2. The present study analyzed
morphological changes in motoneurons distal to the lesion site from rats with
or without progesterone treatment. We employed electron microscopy to study
changes in nucleus and cytoplasm and immunohistochemistry for the microtubule-associated
protein 2 (MAP2) for changes in cytoskeleton.
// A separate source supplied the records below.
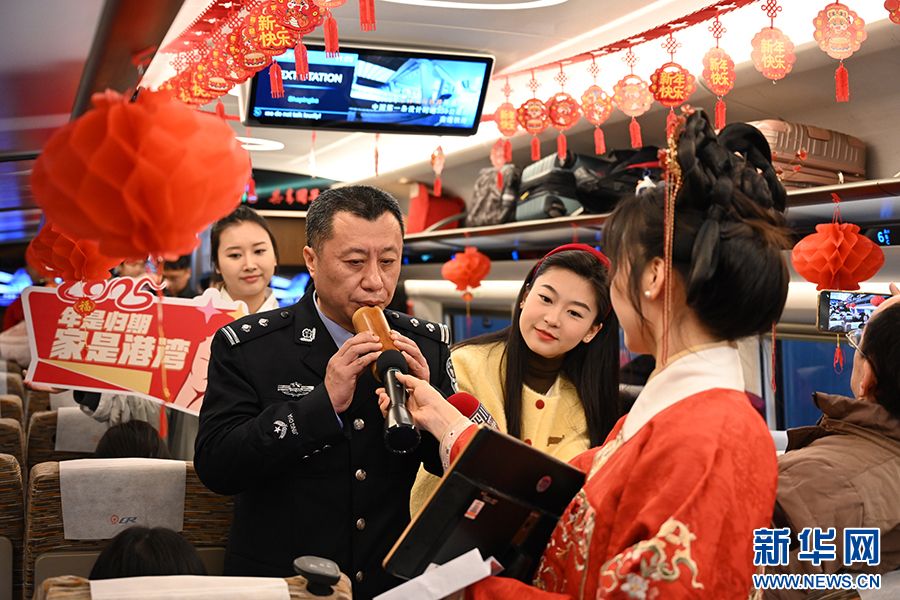 1月22日,G8611次复兴号动车组车厢内的埙孔表演。新华网
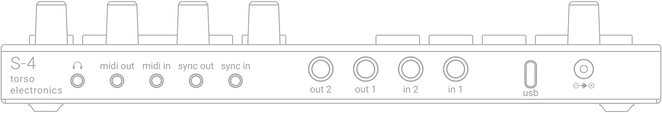 出力:6.3 mm (1/4インチ) ジャック x 2、3.5 mm TRSヘッドフォンジャック
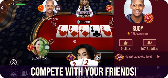 وقتی بازی را شروع می کنید مقدار 60,000 چیپ رایگان دریافت و با آن ها پوکر واقعی بازی می کنید. شما می توانید مود 9 نفره کلاسیک را انتخاب کنید و یا به سراغ مود 5 نفره، که سریعتر تمام می شود، بروید و از بازی پوکر با پلیرهای سراسر جهان لذت ببرید.
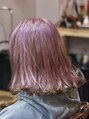 全体をケアブリーチカラー後、透け感のあるラベンダーピンクをオンカラー。毛先は裾カラーに。ダブルカラーで透明感をしっかり出しました。髪質改善トリートメントを超音波アイロンで浸透させることによって髪の毛を補修します。全体は軽さのある外ハネボブに
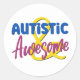 Autocollant bleu rose et jaune avec les mots "Autistic & Awesome"
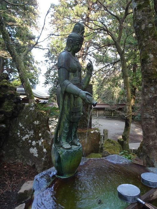 納札所前の手水場で心静かに佇む観音様。

3. After spinal cord injury, the
nucleoplasm appeared more finely dispersed resulting in reduced electron
opacity and the nucleus adopted an eccentric position. Changes of perikarya
included dissolution of Nissl bodies and dissociation of polyribosomes
(chromatolysis). After progesterone treatment for 3 days, the deafferented
motoneurons now presented a clumped nucleoplasm, a better-preserved rough
endoplasmic reticulum and absence of chromatolysis. Progesterone partially
prevented development of nuclear eccentricity. Whereas 50% of injured
motoneurons showed nuclear eccentricity, only 16% presented this phenotype
after receiving progesterone. Additionally, injured rats showed reduced
immunostaining for MAP2 in dendrites, pointing to cytoskeleton abnormalities,
whereas progesterone treatment attenuated the injury-induced loss of MAP2.
4. Our data indicated that
progesterone maintained in part neuronal ultrastructure, attenuated
chromatolysis, and preclude the loss of MAP2, suggesting a protective effect
during the early phases of spinal cord injury.